Another advantage is that the breath test is safe, painless, and non-invasive, as a patient breathes gently for two minutes for a sample collection, Menssana noted.
According to the study, the researchers used a portable breath collection apparatus (BCA) to capture the VOCs in 1.0 liters breath and 1.0 liters room air on to separate sorbent traps. The geometry of the breath reservoir of the BCA ensured that the sample comprised greater than 99% alveolar breath. Subjects wore a nose-clip and respired normally for 2 minutes through a disposable and previously unused valved mouthpiece with a bacterial filter to prevent Mycobacterial contamination of the instrument. The mouthpiece and filter presented low resistance to respiration, ensuring that samples were collected without discomfort to patients, the authors wrote.
The company said the breath test might offer a new way to detect tuberculosis, a major cause of death, especially in developing countries.
"Essentially the diagnosis of tuberculosis has not really changed in the last 50 years, which is amazing when you think about it," Phillips told MDD. He said one reason the technology for TB has not advanced much in recent history is because it is not a very common disease in developed countries, such as the U.S. However, he noted that the disease is making somewhat of a comeback because of the immigrant population and others who are high risk for TB, such as those with HIV or AIDS.
"For years doctors have diagnosed tuberculosis with a chest X-ray or sputum culture or sputum microscopy," Phillips said. "These are okay as far as they go, but they've got severe limitations."
He added that these tests often produce false negative results and, especially with chest X-rays, a lot of false positives as well. "So you can't always trust the results," he said.
Phillips emphasized the urgent need for better diagnostic technology for TB, especially in less developed countries, because the treatments for the disease exist. It's just a matter of determining accurately whether or not a patient has it, he said.
Menssana has been developing its breath test technology since the 1980s and has been working on the TB indication for about five years, Phillips said.
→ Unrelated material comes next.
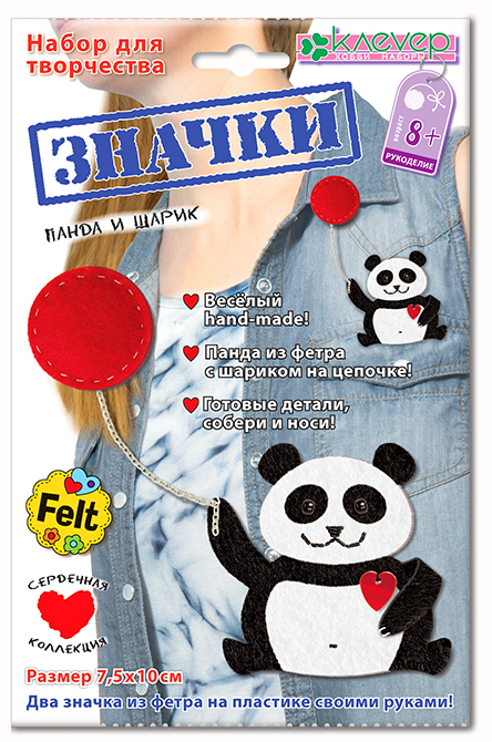 Забавная "Панда с шариком" - популярный среди молодежи стилизованный под игрушку значок из фетра. Ребёнок старше 8 лет легко пришьёт бисеринки-глазки и ротик на готовые детали из цветного фетра, вставит английскую булавку в деталь из пластика и склеит значки как сэндвич из фетра, двусторонней самоклеящейся плёнки и пластика, изготовит из фетра и мягкого наполнителя объёмный шарик и соединит его с помощью ювелирной цепочки с пандой. Пришитая пайетка-сердце придаст фигурке панды очарование. Клей и ножницы не понадобятся! Этот оригинальный дизайнерский значок будет отлично смотреться на одежде!

One limitation with the breath test techniques Menssana has been using so far is that they are laboratory-based and use expensive instruments, Phillips said. "The methods we're using are really to slow and to expensive for clinical use," he said.
But that will hopefully change soon, he added. The U.S. Air Force recently awarded Menssana a contract to evaluate a new point-of-care breath test for pulmonary TB, studying patients in Africa, Great Britain and the Philippines. If successful, a patient could learn within minutes whether they are infected with tuberculosis, the company said.
Phillips hopes that physicians and patients will eventually consider a breath test in the same way as they now think of a chest X-ray or a blood test: as an inexpensive and convenient screening test which can detect several diseases in their earliest and most treatable stages.
Menssana is also developing breath tests for several other diseases, the company noted, including lung cancer, breast cancer, and ischemic heart disease.
"The platform of breath testing can be applied right across the board for many type of diseases," Phillips said.